Gözlerimi açtıqımda yatakdaydım noldu bana her tarafım ağrıyo.En son hatırladığım şey serenity’in ve elena’nın çığlıgıydı.Olaylar gittikçe garipleşiyo..Herkeze noluo böle anlamadım..Herkez bir kötü bir iyi oluo.Hızlıca yataktan kalktım burası neresi gözlerimi ovuşturdum daha ner qöre bilmek için.ve sonra anladım ki burası Emrelerin sıgınağıydı…

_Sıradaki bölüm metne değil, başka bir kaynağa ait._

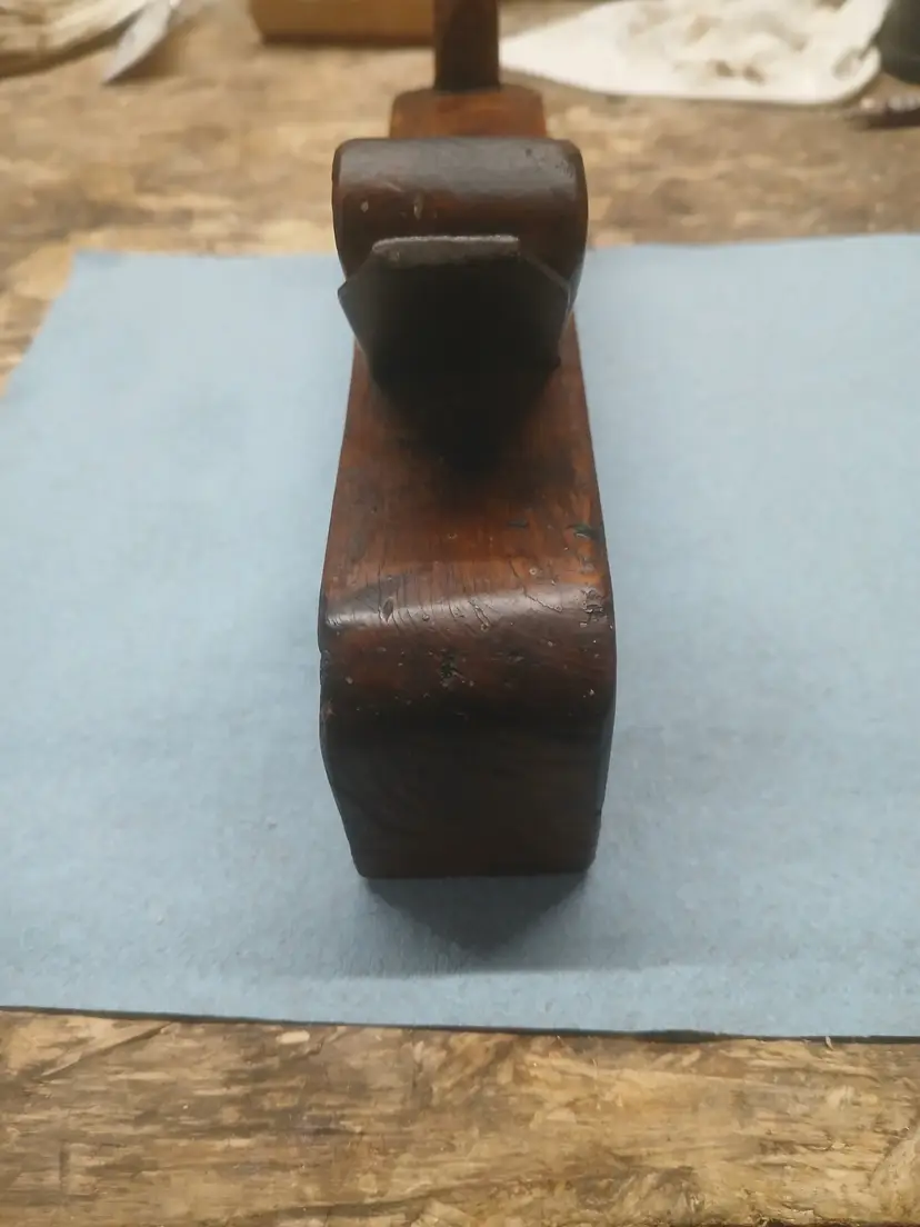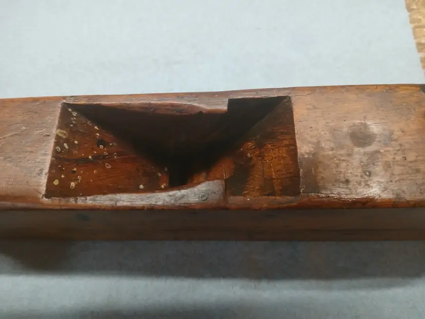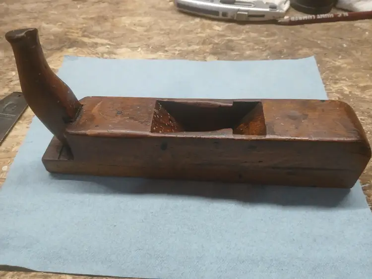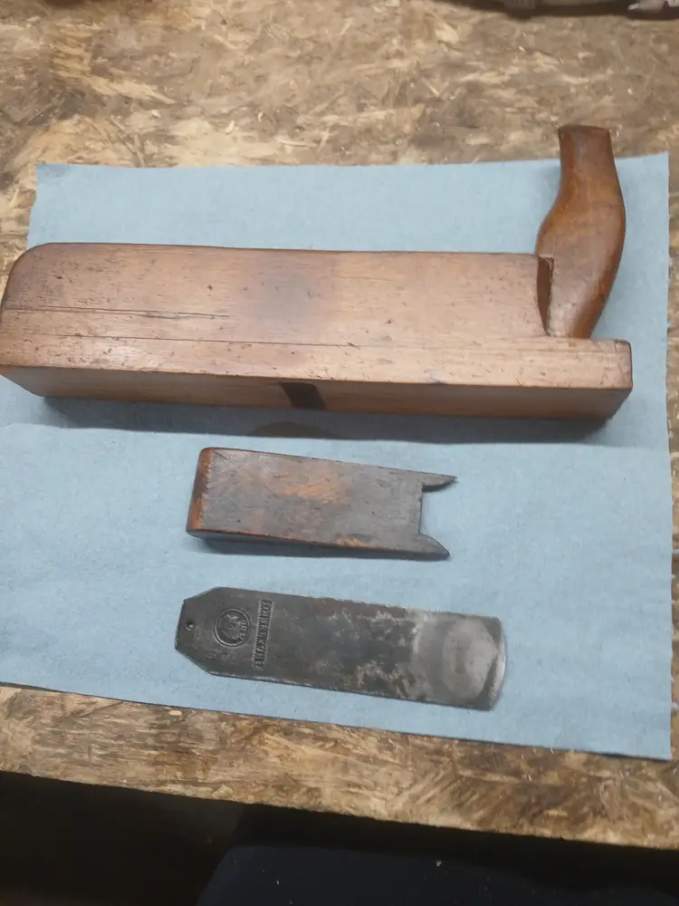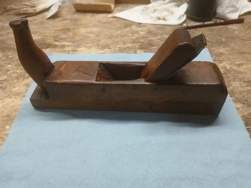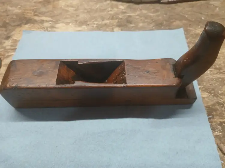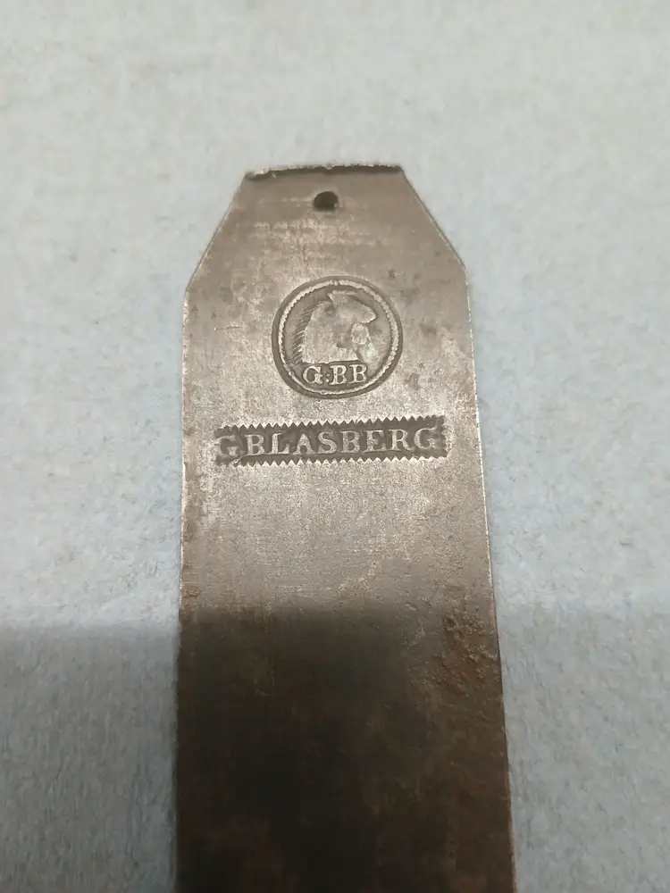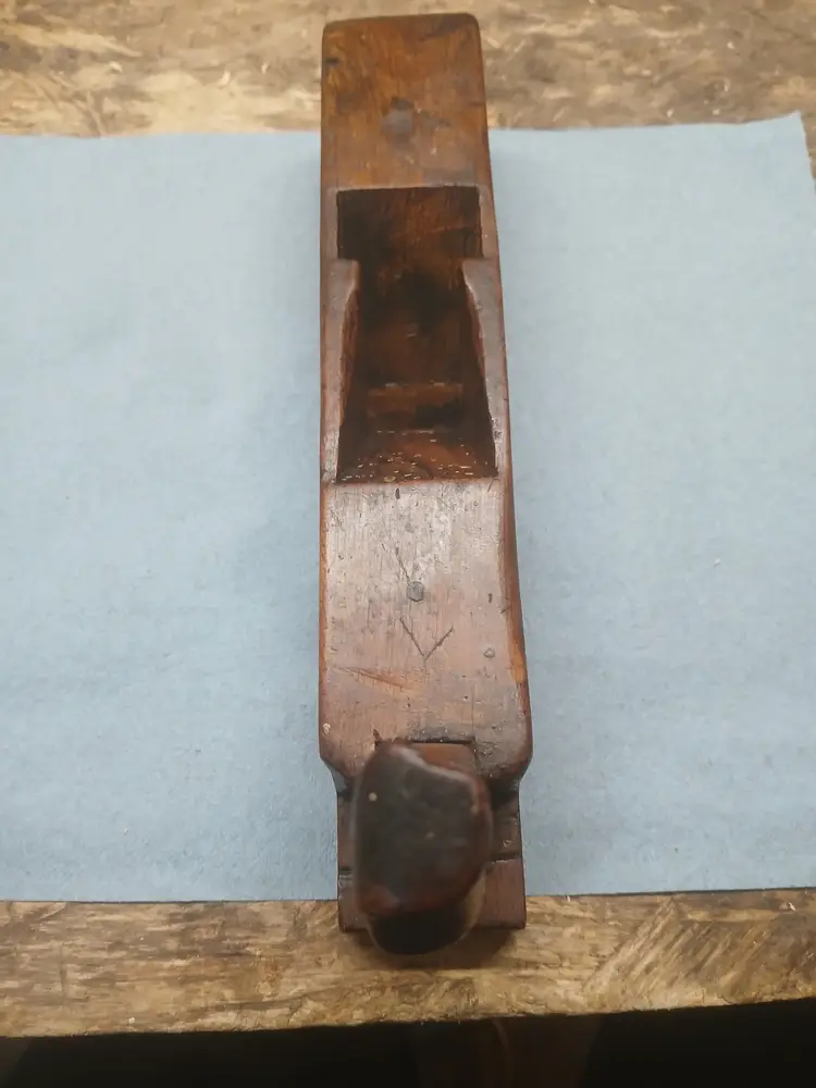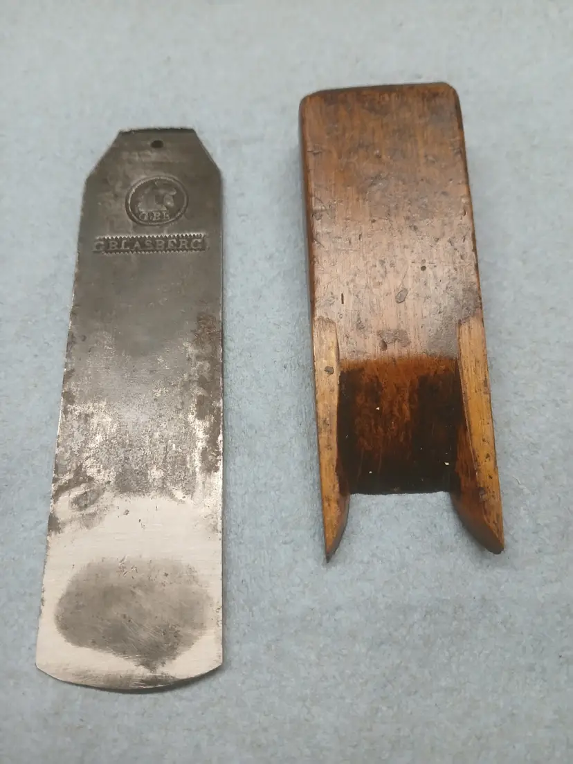 A wooden scrub plane. The iron is G. Blasberg. No other maker marks on this scrub plane.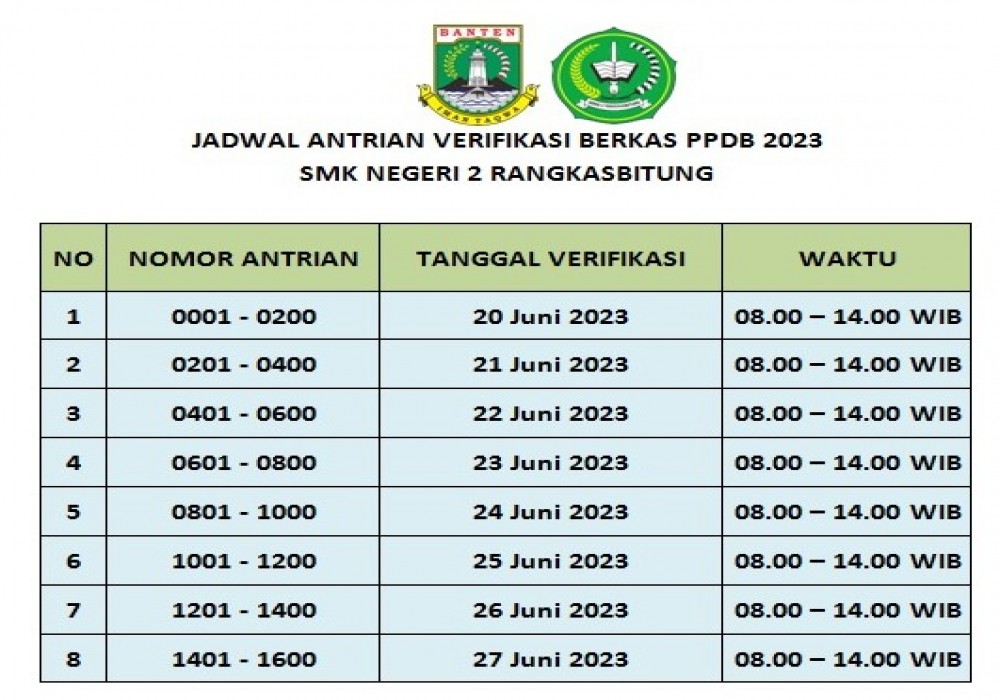 Hallo adik adik calon peserta didik baru,, SMP/MTs admin informasikan bahwa Jadwal antrian di verifikasi SMK Negeri 2 Rangkasbitung, akan segera di buka dan dimulai Tanggal 20 Juni 2023 sampai dengan 27 Juni 2023,,

Odanın kapısını açınca Doruk’u gördüm yakışıklılıyla kapımda nöbet tutuyordu ah canım ikinci fovori çoçuğum çaktırmayın..
“Doruk?”
“nisan?”
“ah.umm naber” dedim tam bir malım.
“ii sen”
“şey evet iiim bende”
“evet ii gözüküyorsun”
“saol”
“şey emre seni büyük salona götürmemi istedi”
“pekala gidelim” dedim..
5dk sonra..
İçeri girdiğimde herkez oturmuş bir şeyler konuşuyordu.Deniz emre ebru heyra sinem tuqçe beyza ve can –yani James gerçek adı can- vardı.
“Beyza?can?”
“nisan” diye çıyakladı beyza..bana gelip sarıldı bende ona..
“seni özlemişim nisan”
“bende seni beyza”
“ikizim nasıl”
“ölü qibi”
“off özledim onu”
“sahi o nerde”diye sordum.
“uyuyo hala uyukucu” dedi can. Oda qelip bana sarıldı bende ona.
“özlemişim kız seni” dedi.
“bende seni olum”
“nefes sizi qörünce çok sevinecek” dedi doruk aramıza qirerek.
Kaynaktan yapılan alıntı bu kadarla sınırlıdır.